Le debo mi vida a la Primera Guerra Mundial. Sin matanza del archiduque Italia no habría tenido a quién alinearse, no habría quedado sumergida en el hambre y en las penas, no habrían zarpados de sus puertos barcos atestados de buscadores de nuevas vidas, Giuseppe Ianiello habría seguido siendo un carpintero pobre del sur, yo no estaría acá.

La trama de las vidas que pasaron hasta la mía se hace más enredada mientras más arriba en el árbol, y de los tiempos de Italia lo único que sobrevivió hasta mí es el nombre de un pueblo y una sola seguridad: el lugar se llama(ba) Acerenza, y hay (o había) una iglesia muy grande. Nada más. Para mí, que nací muchos años después de que la incansable hormiga obrera hubiera cruzado el Atlántico, la italianidad de mi familia se resumía a las dobles consonantes de los apellidos y a los recuerdos ajenos distorsionados de generación en generación. No hubo en mi niñez muchas palabras en dialecto, ni palos de amasar, ni cartas que siguieran uniendo los mundos a través del Océano. El bisnono se vino y la Italia de su juventud se fue coloreando mito cada vez más lejano en el horizonte, que terminó de sellarse el día en que murió. Todo lo que traía consigo se lo llevó consigo, y a nosotros, los mortales prolongados de sus raíces, nos quedó la certeza garabateada en un acta de defunción. Nacionalidad: italiano. Eso es todo.

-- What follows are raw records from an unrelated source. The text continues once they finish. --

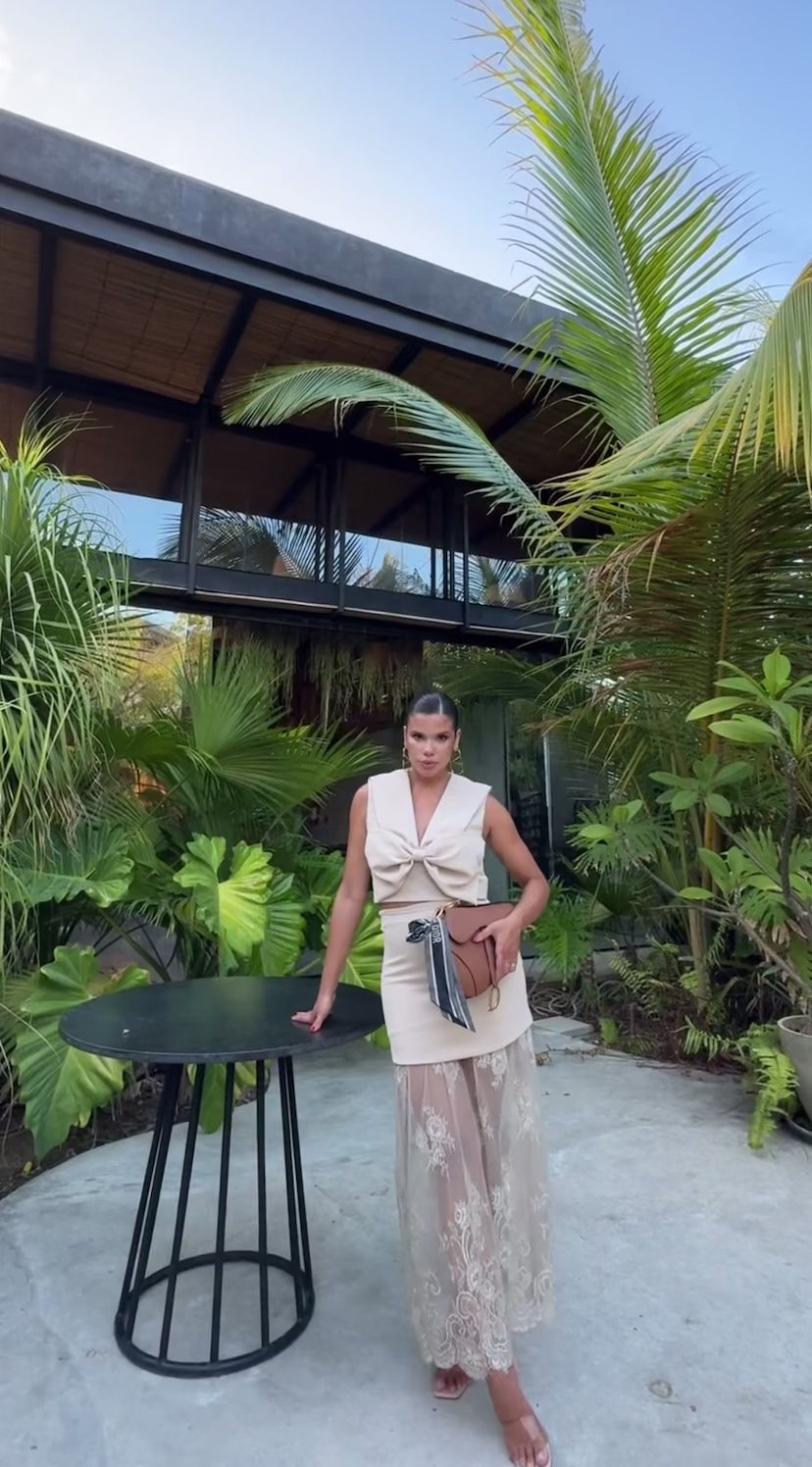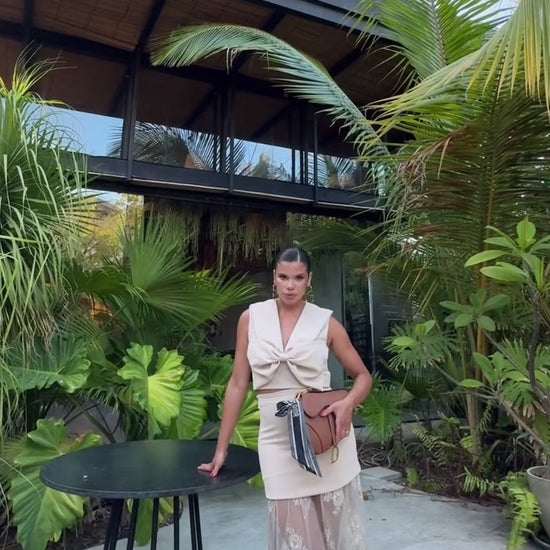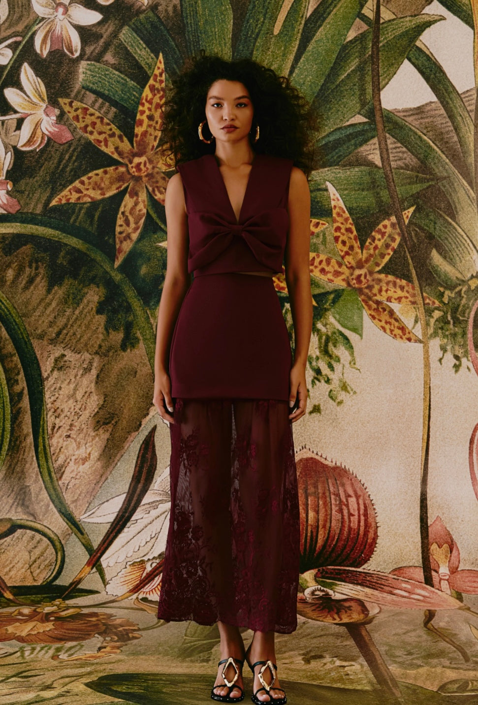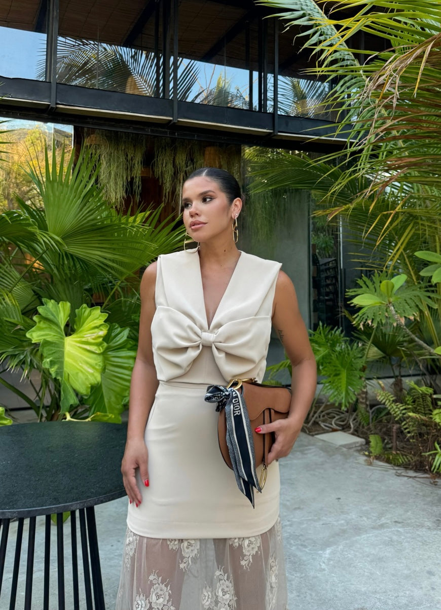 Conjunto em alfaiataria de top todo duplo com laço estruturado em busto, fechamento por zíper nas costas. Saia com zíper lateral, acompanha forro com saia em renda chantilly embutida.
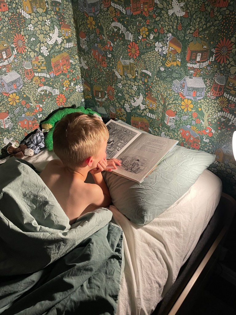 Filip har ju börjat fritids och har nu gått där en vecka. Det har gått riktigt bra och det har inte varit några problem att få dit honom eller lämna honom – kanske lite för att TV’n stått på när vi kommer med 😉 Nästan inga av hans dagis-kompisar gick förra veckan däremot, men det hade funkat kanon ändå. Tror skolan kommer bli kanon för honom, han är SÅ nyfiken på hur saker funkar, och ÄLSKAR böcker, så att få lära sig läsa kommer ge honom en helt ny värld! Redan nu ligger han gärna och ”läser” (kollar bilder) i böcker i sängen när han ska sova, det är så himla gulligt.
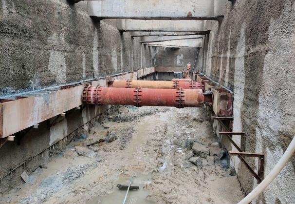 64 图示为暗挖隧道CD法施工断面,当前掌子面开挖循环进尺符合规定。()
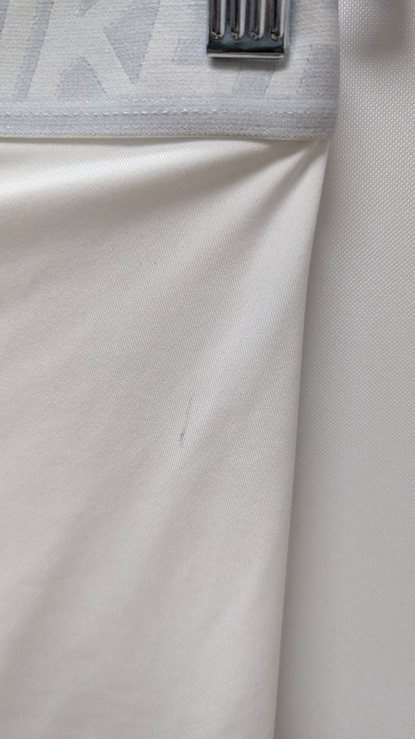 Nike Dri-Fit White Men's 3/4 Active Leggings. Size Large. Gently used, with some minor staining, but in good condition. It has an elastic waistband.
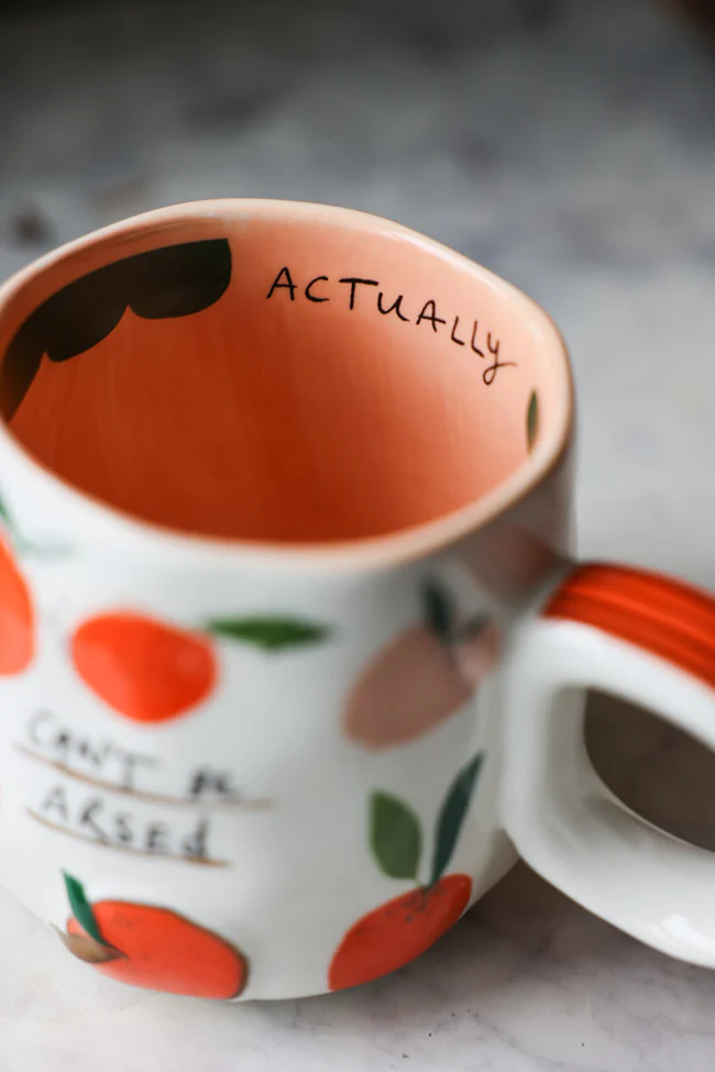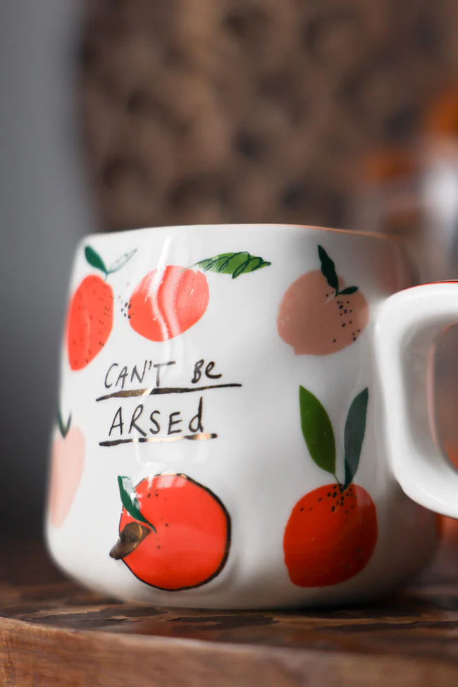We love the punchy colours of the oranges and peaches (the ‘arse’ in question, we assume) popping out of the creamy white background, and the contrasting peach glaze that adds depth and dimension to the look of this piece. It’s brilliantly unapologetic, and for that it earns pride of place in the Team RSG mug cupboard. It’s the perfect receptacle for hot drinks of any kind – if you can be bothered to make them, of course.

La curiosidad creció de a poco con los años. Un día me di cuenta que mis anclas venían de una abstracción, de un sonido: «mis bisabuelos eran de Italia». Y repetía esas palabras con la misma robotización con que todos sustituyen el nombre del país para poder explicar sus orígenes, sin entender demasiado. A mí esa Italia apropiada, lejana de la Italia real, la que existe en los mapas y en el fútbol y en Venecia me hacía ruido. Empecé a hacer preguntas. Mi respuesta a las no respuestas colectivas –porque ya nadie sabía nada, porque nunca habían preguntado, porque el abuelo Pepe nunca había contado–, fue meterme en un curso de italiano con ambiciones de Santo Grial. Después empecé a buscar papeles. Un día pedí un turno al consulado y me senté a esperar que reconocieran mi ciudadanía heredada. A Acerenza no había vuelto nadie. Nunca.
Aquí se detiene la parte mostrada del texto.